EXERCISE DATA

-------------------------

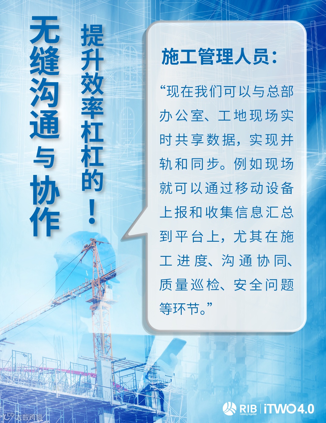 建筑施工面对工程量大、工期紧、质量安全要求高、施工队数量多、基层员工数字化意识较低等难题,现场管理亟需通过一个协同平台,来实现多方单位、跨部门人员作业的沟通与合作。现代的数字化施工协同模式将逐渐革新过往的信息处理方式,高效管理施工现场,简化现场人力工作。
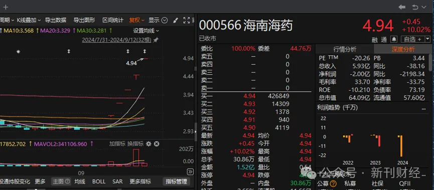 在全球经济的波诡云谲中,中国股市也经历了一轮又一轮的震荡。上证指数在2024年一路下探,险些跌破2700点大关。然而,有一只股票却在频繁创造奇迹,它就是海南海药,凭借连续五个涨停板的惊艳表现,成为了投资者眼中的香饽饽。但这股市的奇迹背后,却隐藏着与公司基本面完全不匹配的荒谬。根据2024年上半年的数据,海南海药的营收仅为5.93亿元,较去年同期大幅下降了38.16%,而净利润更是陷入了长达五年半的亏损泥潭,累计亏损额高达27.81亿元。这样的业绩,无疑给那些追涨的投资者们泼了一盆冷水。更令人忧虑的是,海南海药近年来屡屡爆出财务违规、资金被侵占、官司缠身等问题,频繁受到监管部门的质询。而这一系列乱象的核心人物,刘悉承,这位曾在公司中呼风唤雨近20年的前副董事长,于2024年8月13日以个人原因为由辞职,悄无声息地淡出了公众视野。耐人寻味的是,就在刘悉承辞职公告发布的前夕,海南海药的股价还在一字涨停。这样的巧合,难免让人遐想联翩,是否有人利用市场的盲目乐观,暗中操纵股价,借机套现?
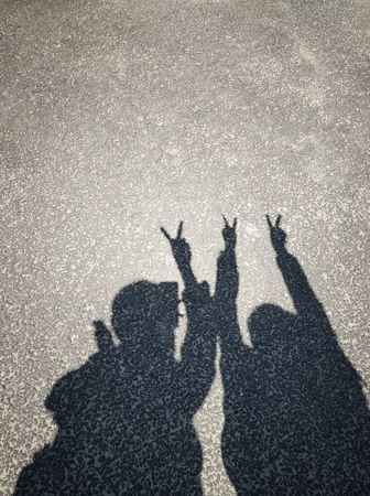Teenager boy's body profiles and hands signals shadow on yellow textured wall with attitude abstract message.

-------------------------

EXERCISE REQUIREMENTS
Everything from the line containing "在全球经济的波诡云谲中,中国" through the final line of the material must be set down exactly, except the pictures.

TASK RESULT
 在全球经济的波诡云谲中,中国股市也经历了一轮又一轮的震荡。上证指数在2024年一路下探,险些跌破2700点大关。然而,有一只股票却在频繁创造奇迹,它就是海南海药,凭借连续五个涨停板的惊艳表现,成为了投资者眼中的香饽饽。但这股市的奇迹背后,却隐藏着与公司基本面完全不匹配的荒谬。根据2024年上半年的数据,海南海药的营收仅为5.93亿元,较去年同期大幅下降了38.16%,而净利润更是陷入了长达五年半的亏损泥潭,累计亏损额高达27.81亿元。这样的业绩,无疑给那些追涨的投资者们泼了一盆冷水。更令人忧虑的是,海南海药近年来屡屡爆出财务违规、资金被侵占、官司缠身等问题,频繁受到监管部门的质询。而这一系列乱象的核心人物,刘悉承,这位曾在公司中呼风唤雨近20年的前副董事长,于2024年8月13日以个人原因为由辞职,悄无声息地淡出了公众视野。耐人寻味的是,就在刘悉承辞职公告发布的前夕,海南海药的股价还在一字涨停。这样的巧合,难免让人遐想联翩,是否有人利用市场的盲目乐观,暗中操纵股价,借机套现?
Teenager boy's body profiles and hands signals shadow on yellow textured wall with attitude abstract message.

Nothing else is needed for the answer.